“Cause if you’re happy in your head then solitude is blessed and alone is okay. If your heart is bleeding, make the best of it.”
I love this line from that Youtube video that I watched many years ago when I was on a frantic search of a solution to cope with that immense feeling of loneliness.
I’m proud to say that, as of right now, I feel like I’ve really come a long way from that old Peggy. I can vividly remember myself feeling a lump in my throat while having lunch alone in Hong Kong on my first solo trip. And that anxiety attack I suffered while on the media trip in Dublin. It was irrational and ridiculous how those situations would make me feel so vulnerable, insecure, and more importantly, alone.
I am in Phuket currently and it has been the third week now.
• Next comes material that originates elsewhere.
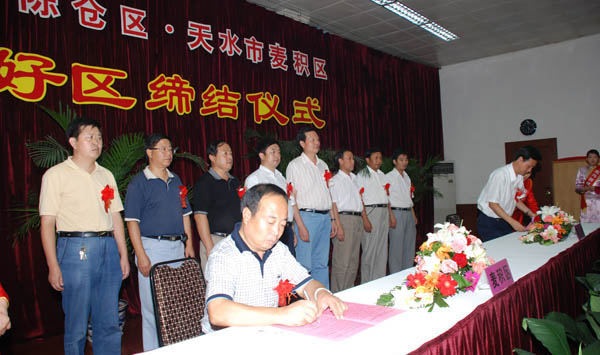 在友好區(qū)締結(jié)儀式上,麥積區(qū)委常委、副區(qū)長(zhǎng)王曉琴,陳倉(cāng)區(qū)委常委、常務(wù)副區(qū)長(zhǎng)李曉陽(yáng)分別介紹了兩區(qū)經(jīng)濟(jì)社會(huì)發(fā)展情況。麥積區(qū)委副書記、區(qū)長(zhǎng)張克強(qiáng),陳倉(cāng)區(qū)委副書記、區(qū)長(zhǎng)賀向東代表兩區(qū)政府簽訂了友好協(xié)議。兩區(qū)還互贈(zèng)了禮品。麥積區(qū)委書記蔣曉強(qiáng)和陳倉(cāng)區(qū)委書記王西科在締結(jié)儀式上分別作了重要講話。

This freedom is sweet. Honestly, I had big plans and visions about how this trip is going to turn out (it hasn’t been 100% accurate based on what I’ve desired) but one thing is for sure – I am still feeling fine and on this trip, I realised that it really isn’t so bad being on my own; it can be more torturing being with another person you don’t really want to be with. There is nothing wrong with feeling lonely once in a while, then the next step is to find something fulfilling to do, not mope around. I mean, even dating couples get bored sometimes no? And I’ve known myself for so long, it’s understandable that it can be harder to find something new and interesting to do. (I don’t know that makes sense, at least it made sense when that thought was still in my head).
I was at this bar alone, studying. The bar was empty when I got there, and by the time I left, it was 80% full. I got to admit, at some point of time, the thought crossed my mind – “Will people think I’m a loser because I’m out on my own on a Saturday night?”
And then I realised how silly and outrageous that fleeting thought was. Wtf do I wanna care about what others think? It’s not within my control. In fact, I should feel happy that I was out alone. Is every person around me, out with their friends or loved ones, truly happy about being right there at that moment? Not necessarily. I had the freedom to decide where I want my legs to take me. I should be grateful that I had the choice to be out, and I should be happy that *I* made that decision to take myself out.
Foiled plans and failures have taught me a lot; opened my eyes to things I’d have otherwise not known about myself. I’ve changed over the years, but I know the crux of me is still the same. I still struggle with being on my own, I’m just dealing with it better now. But I believe that I’ll just get better and better over time, hopefully it doesn’t take too long. Circumstances made me learn too. I don’t want to allow myself to feel less important or less outstanding because of another person’s opinion. I also want to learn (better) to speak my mind – tell people what I want exactly, tell people what I don’t want. Unfortunately, I think I’m still a bit of a people-pleaser.
A few days back, at Sofia’s class, I learnt that almost every emotion we have is on the scale of Craving VS Aversion. To truly get to your “self”, one has to get out of being on this scale. But that said, even the desire to be freed from the system is a kind of craving on its own. Mind-fuck right? I know. Hahaha.
I gotta go easy on myself man. It’s fucking cliche, but really, I am enough.